Main Takeaways & Future Directions
Main Takeaways
- There is significant difference in the variance and
mean of property price per square meters across the eight
regions.
- Number of rooms play a significant role in
contributing to prices of properties.
- We can predict Price of properties in Melbourne
using Number of Rooms as the main predictor variable,
using different/most suitable regression model for different
Types of the Properties or Region
Name.
Future Directions
Since this data frame only contains properties that were sold.

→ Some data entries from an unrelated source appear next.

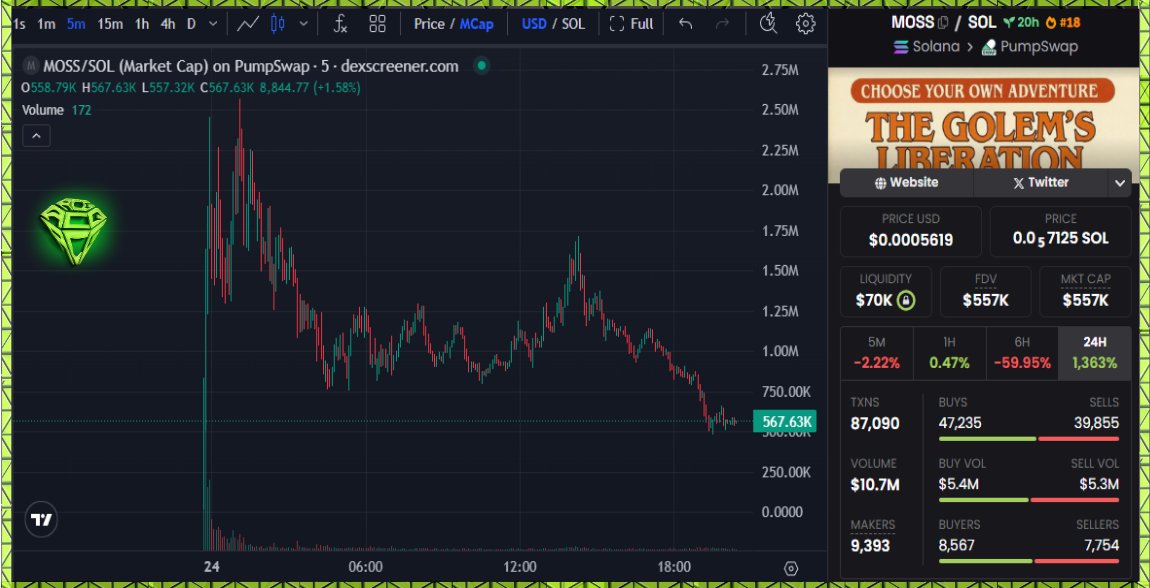 Moss Y. Gravel | $MOSS saw some insane volume these past 24 hours. Lots of interesting wallets involved with this play so definitely one to keep an eye on. Dipped heavily these past few hours, lets see if it can rebound.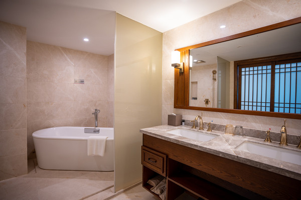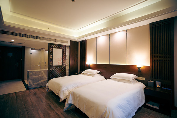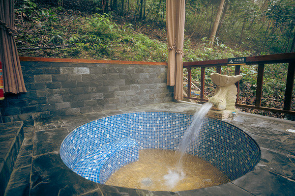 客房是相当的大,超大的窗户,拉开窗帘就可以看到美景,打开水龙头,就能看到清澈的温泉水,呆在房间里就能泡温泉!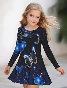 Meninas 3D Gráfico Borboleta Vestido Manga Longa Verão Primavera Férias Diário Feriado Princesa Lindo Doce Infantil 4-12 anos Vestido casual Vestido A Line Altura dos Joelhos Normal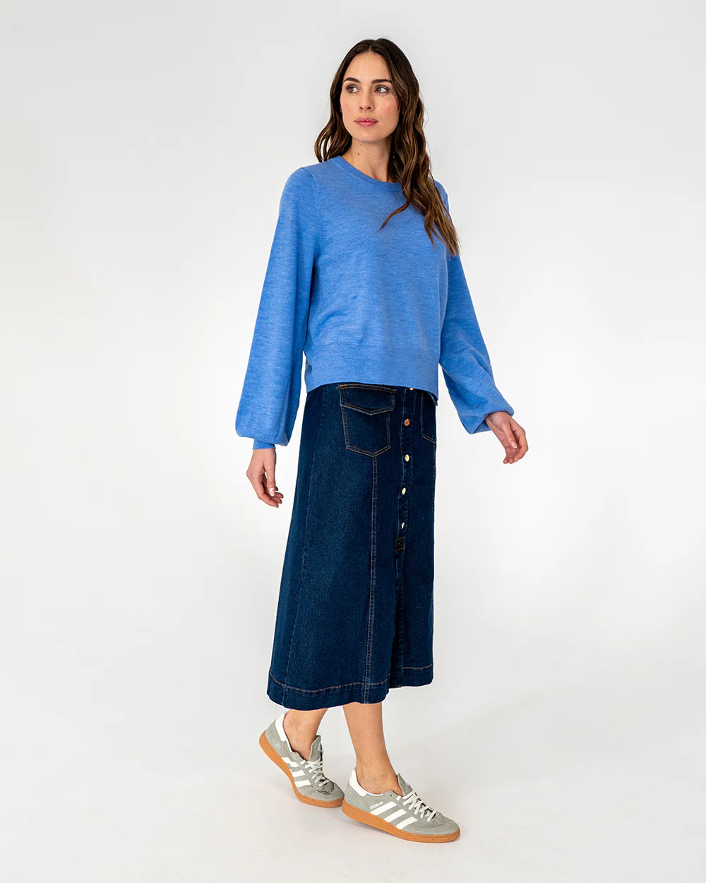 This versatile piece features a crew neckline and blouson sleeves that add a touch of flattering volume, while ribbed trims provide a refined finish. The stepped hem with side splits enhances its layering potential, allowing it to be worn loose or tucked in for effortless styling. Whether paired with tailored trousers or relaxed denim, the Whistler Knit is a wardrobe staple that transitions seamlessly between seasons and occasions.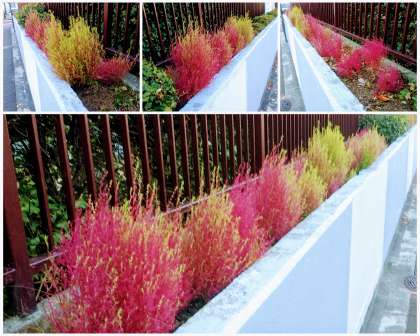 秋が深まりつつある正門前のコキアの様子です。もうすぐ黄緑色から赤系に色づくようです。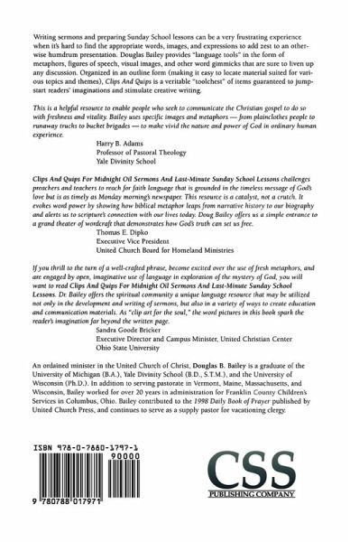Writing sermons and preparing Sunday school lessons can be a very frustrating experience when you just can't seem to find the appropriate words, images, and expressions to add zest to an otherwise humdrum presentation. Douglas Bailey's collection of "verbal clip art" -- metaphors, figures of speech, visual images, and other word gimmicks -- is sure to liven up any discussion. Organized in an outline format (making it easy to locate material suited for various topics and themes), Clips And Quips is a veritable "toolchest" of items guaranteed to jumpstart the imagination and stimulate creative writing. This is a helpful resource to enable people who seek to communicate the Christian gospel to do so with freshness and vitality. Bailey uses specific images and metaphors -- from plainclothes people to runaway trucks to bucket brigades -- to make vivid the nature and power of God in ordinary human experience. Harry B. Adams Professor of Pastoral Theology Yale Divinity School Clips And Quips For Midnight Oil Sermons And Last-Minute Sunday School Lessons challenges preachers and teachers to reach for faith language that is grounded in the timeless message of God's love but is as timely as Monday morning's newspaper. This resource is a catalyst, not a crutch. It evokes word power by showing how biblical metaphor leaps from narrative history to our biography and alerts us to scripture's connection with our lives today. Doug Bailey offers us a simple entrance to a grand theater of wordcraft that demonstrates how God's truth can set us free. Thomas E. Dipko Executive Vice President United Church Board for Homeland Ministries If you thrill to the turn of a well-crafted phrase, become excited over the use of fresh metaphors, and are engaged by open, imaginative use of language in exploration of the mystery of God, you will want to read Clips And Quips For Midnight Oil Sermons And Last-Minute Sunday School Lessons. Dr. Bailey offers the spiritual community a unique language resource that may be utilized not only in the development and writing of sermons, but also in a variety of ways to create education and communication materials. As "clip art for the soul," the word pictures in this book spark the reader's imagination far beyond the written page. Sandra Goode Bricker Executive Director and Campus Minister, United Christian Center Ohio State University An ordained minister in the United Church of Christ, Douglas B. Bailey is a graduate of the University of Michigan (B.A.), Yale Divinity School (B.D., S.T.M.), and the University of Wisconsin (Ph.D.). In addition to serving pastorates in Vermont, Maine, Massachusetts, and Wisconsin, Bailey spent over 20 years in administration for Franklin County Children's Services in Columbus, Ohio. Bailey contributed to the 1998 Daily Book of Prayer published by United Church Press, and continues to serve as a supply pastor for vacationing clergy.

With
data about unsold properties, we could possibly gain more insights about
what are decision factors to success sales. Additionally, variables
about quality of furnishing and neighborhood safety could help us
comprehend more about sales.
Another future improvement for this project is to dive into Question
3 to improve on the regression model employed, which would require more
nuanced statistical techniques and knowledge about modern regression
models. The regression model under consideration and analysis for now is
relatively simple, and more complicated model which incorporates more
covariates, or adopts models such as logistic regression, polynomial
regression, and nonparametric regression can be adopted to improve on
the accuracy of prediction for sale price.